Hi @DanielAsarnow @marino-j,
this is definitely an important and interesting topic. We have been trying to come up with an error measure or some kind of variance measure to denote the relative “importance” of different modes. As @DanielAsarnow mentioned, typically we don’t see that the variance of modes decays rapidly. And this is actually due to the noise present in the images - the variance of particle locations in the 3DVA latent space (i.e. what you see in the scatter plots) is a sum of both the true density variance of the particle and the variance of the image noise in the 3DVA subspace. With typical noisy cryo-EM images, the second variance is on the same order as the true density variance of the structure, and so even if components have decreasing importance, the variance of particles in the latent space doesn’t decay very fast.

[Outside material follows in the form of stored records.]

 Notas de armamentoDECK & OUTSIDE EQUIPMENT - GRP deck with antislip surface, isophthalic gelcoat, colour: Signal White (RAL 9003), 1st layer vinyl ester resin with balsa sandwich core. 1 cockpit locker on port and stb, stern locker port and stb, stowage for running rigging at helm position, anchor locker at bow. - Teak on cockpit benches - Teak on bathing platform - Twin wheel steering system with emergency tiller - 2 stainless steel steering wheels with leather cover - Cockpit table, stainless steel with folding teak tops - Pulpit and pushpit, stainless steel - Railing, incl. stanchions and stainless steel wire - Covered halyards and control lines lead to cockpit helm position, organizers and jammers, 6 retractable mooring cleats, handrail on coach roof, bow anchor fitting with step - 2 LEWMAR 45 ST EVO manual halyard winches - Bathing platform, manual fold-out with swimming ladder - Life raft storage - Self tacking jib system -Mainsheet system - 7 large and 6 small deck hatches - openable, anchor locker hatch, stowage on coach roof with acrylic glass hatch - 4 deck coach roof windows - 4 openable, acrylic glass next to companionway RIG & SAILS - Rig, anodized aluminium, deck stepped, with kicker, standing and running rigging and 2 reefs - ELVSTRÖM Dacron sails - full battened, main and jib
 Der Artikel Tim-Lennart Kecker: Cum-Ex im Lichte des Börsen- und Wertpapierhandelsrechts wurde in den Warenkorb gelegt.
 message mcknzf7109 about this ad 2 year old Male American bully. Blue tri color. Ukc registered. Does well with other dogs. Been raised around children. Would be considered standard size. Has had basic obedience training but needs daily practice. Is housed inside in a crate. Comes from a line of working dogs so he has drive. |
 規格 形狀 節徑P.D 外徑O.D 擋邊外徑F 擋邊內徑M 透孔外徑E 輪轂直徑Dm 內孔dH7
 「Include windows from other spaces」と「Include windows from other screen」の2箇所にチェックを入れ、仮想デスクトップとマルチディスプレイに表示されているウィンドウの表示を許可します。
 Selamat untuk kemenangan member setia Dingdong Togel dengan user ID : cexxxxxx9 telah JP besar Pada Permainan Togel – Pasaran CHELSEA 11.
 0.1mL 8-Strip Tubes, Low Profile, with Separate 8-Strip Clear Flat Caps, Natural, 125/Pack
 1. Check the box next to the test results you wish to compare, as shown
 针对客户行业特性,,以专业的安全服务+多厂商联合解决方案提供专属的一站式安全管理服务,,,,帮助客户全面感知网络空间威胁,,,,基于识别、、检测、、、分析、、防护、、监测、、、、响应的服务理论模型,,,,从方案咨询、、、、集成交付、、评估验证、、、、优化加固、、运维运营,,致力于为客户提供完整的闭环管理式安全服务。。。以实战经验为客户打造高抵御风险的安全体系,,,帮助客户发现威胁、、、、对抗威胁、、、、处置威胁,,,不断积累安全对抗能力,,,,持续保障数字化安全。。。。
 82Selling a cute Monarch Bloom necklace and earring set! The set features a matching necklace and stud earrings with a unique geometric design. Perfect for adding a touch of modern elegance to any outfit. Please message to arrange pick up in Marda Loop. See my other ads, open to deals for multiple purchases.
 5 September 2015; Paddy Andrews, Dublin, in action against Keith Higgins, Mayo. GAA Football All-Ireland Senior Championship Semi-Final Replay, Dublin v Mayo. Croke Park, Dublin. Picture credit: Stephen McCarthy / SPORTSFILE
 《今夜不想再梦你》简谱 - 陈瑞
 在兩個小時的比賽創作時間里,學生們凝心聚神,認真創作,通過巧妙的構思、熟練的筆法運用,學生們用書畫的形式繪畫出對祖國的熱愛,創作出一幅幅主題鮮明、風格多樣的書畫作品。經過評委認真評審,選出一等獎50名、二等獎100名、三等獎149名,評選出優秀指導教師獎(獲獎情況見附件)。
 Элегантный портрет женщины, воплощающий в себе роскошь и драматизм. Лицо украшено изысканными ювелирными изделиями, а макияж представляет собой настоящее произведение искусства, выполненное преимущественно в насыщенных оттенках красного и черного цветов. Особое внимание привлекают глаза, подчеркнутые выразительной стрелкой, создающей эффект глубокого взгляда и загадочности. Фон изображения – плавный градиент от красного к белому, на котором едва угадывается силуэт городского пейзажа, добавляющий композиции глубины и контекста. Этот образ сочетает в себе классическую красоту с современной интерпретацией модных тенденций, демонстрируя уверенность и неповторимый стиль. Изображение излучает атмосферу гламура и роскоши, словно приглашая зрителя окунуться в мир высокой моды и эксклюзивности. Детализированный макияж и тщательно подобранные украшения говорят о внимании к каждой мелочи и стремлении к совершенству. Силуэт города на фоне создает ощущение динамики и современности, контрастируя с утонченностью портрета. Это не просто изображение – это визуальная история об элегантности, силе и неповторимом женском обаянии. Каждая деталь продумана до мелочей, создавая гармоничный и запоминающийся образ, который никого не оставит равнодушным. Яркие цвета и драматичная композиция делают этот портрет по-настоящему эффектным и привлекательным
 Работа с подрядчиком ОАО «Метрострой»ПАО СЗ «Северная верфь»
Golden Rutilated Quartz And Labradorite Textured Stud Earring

This is related to why it is difficult to say that “component 0 accounts for 70% of the variance in the dataset”. Because we can’t actually measure or know the total true variance of the particle density - we only observe it in addition to image noise. So we can compute the percentage - but it will be like “component 0 accounts for 0.1% of the variance in the dataset” since 99% of the variance in the dataset is just image noise (i.e. electron shot noise). Separating these two in a sensible way needs a different approach than how we would ordinarily think of PCA. It’s also good to keep in mind that 3DVA is directly equivalent to typical PCA, if you could do PCA with missing data, CTF corruption, per particle scale, and huge numbers of variables.